- GIVEN DATA:
• • • •

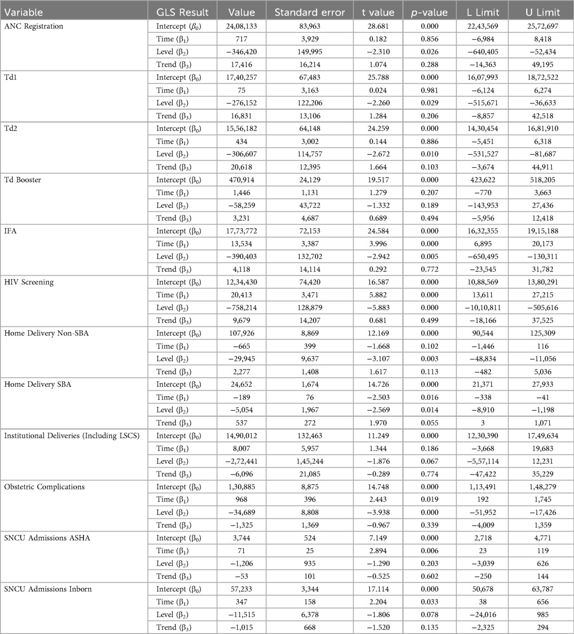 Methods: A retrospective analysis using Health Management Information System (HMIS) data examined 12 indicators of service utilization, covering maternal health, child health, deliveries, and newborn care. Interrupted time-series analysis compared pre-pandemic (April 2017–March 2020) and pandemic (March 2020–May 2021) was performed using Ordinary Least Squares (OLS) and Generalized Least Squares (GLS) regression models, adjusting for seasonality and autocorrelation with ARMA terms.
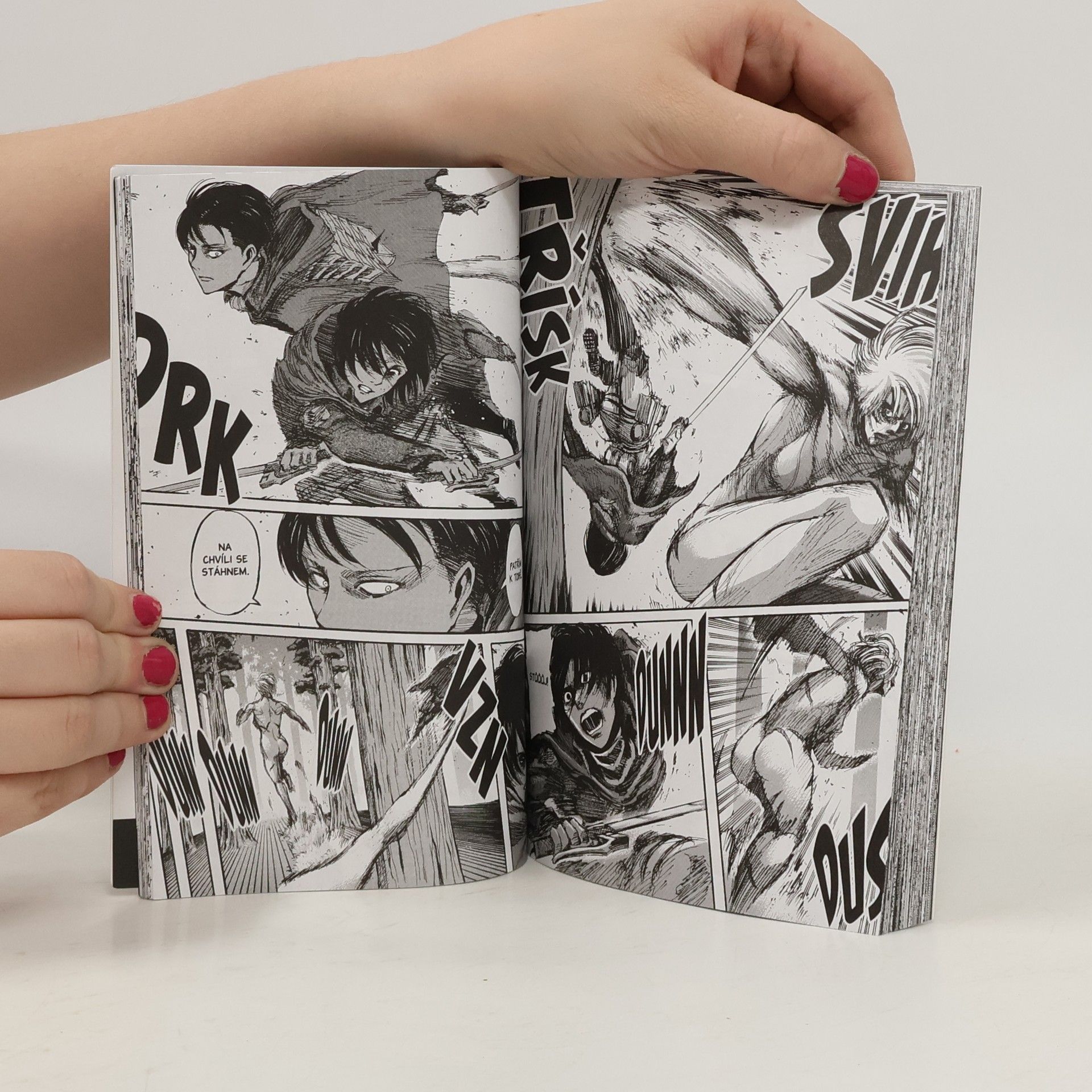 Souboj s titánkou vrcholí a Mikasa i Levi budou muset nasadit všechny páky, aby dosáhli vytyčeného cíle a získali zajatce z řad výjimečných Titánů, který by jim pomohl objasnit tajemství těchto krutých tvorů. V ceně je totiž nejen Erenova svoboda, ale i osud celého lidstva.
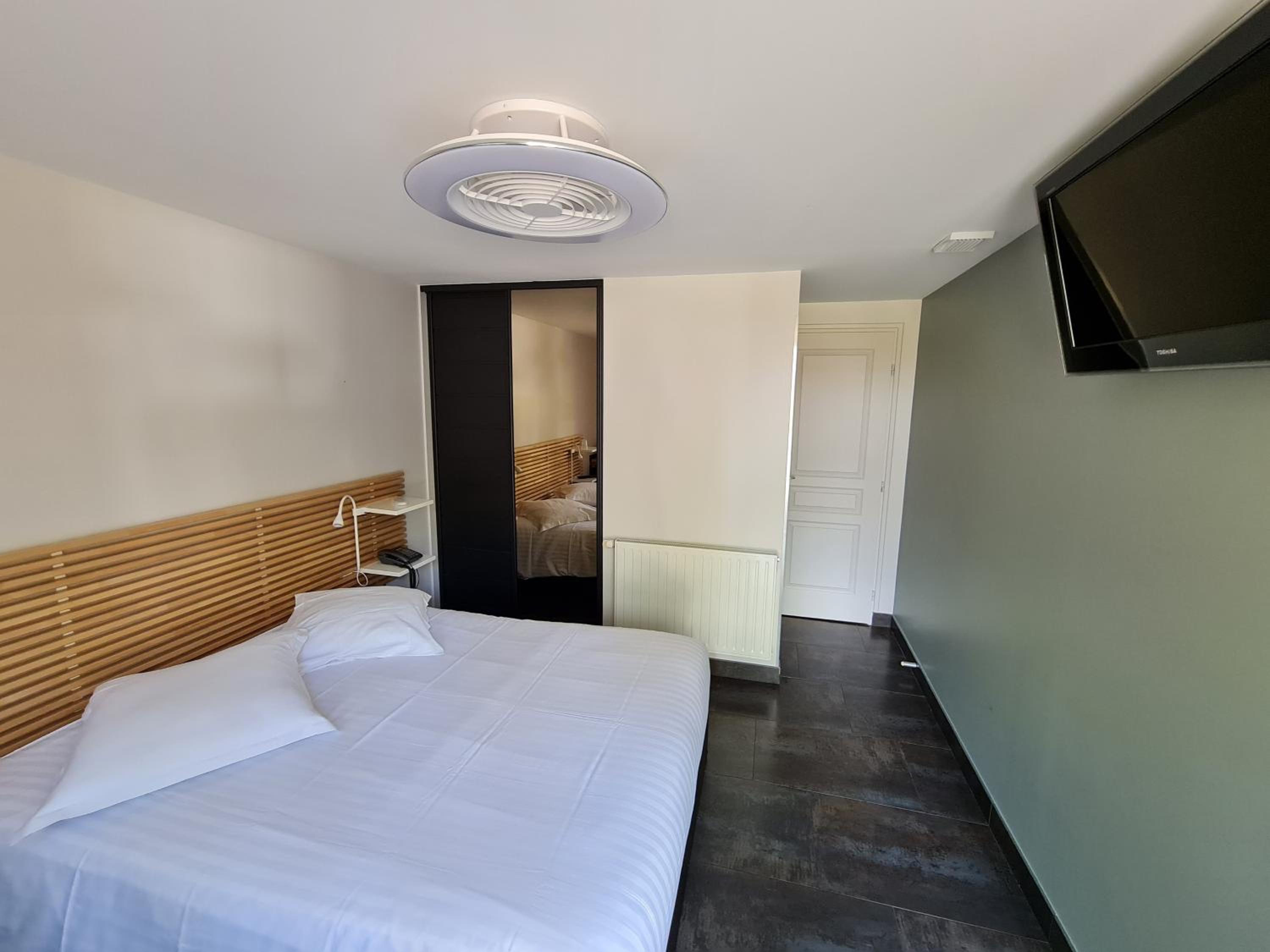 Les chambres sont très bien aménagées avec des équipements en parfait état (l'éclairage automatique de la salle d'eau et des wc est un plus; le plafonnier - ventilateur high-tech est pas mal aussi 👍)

• • • •

- WHAT IS NEEDED: A verbatim retyping of the listing, without any pictures, is the expected answer.

- ANSWER BOX:
 Methods: A retrospective analysis using Health Management Information System (HMIS) data examined 12 indicators of service utilization, covering maternal health, child health, deliveries, and newborn care. Interrupted time-series analysis compared pre-pandemic (April 2017–March 2020) and pandemic (March 2020–May 2021) was performed using Ordinary Least Squares (OLS) and Generalized Least Squares (GLS) regression models, adjusting for seasonality and autocorrelation with ARMA terms.
 Souboj s titánkou vrcholí a Mikasa i Levi budou muset nasadit všechny páky, aby dosáhli vytyčeného cíle a získali zajatce z řad výjimečných Titánů, který by jim pomohl objasnit tajemství těchto krutých tvorů. V ceně je totiž nejen Erenova svoboda, ale i osud celého lidstva.
 Les chambres sont très bien aménagées avec des équipements en parfait état (l'éclairage automatique de la salle d'eau et des wc est un plus; le plafonnier - ventilateur high-tech est pas mal aussi 👍)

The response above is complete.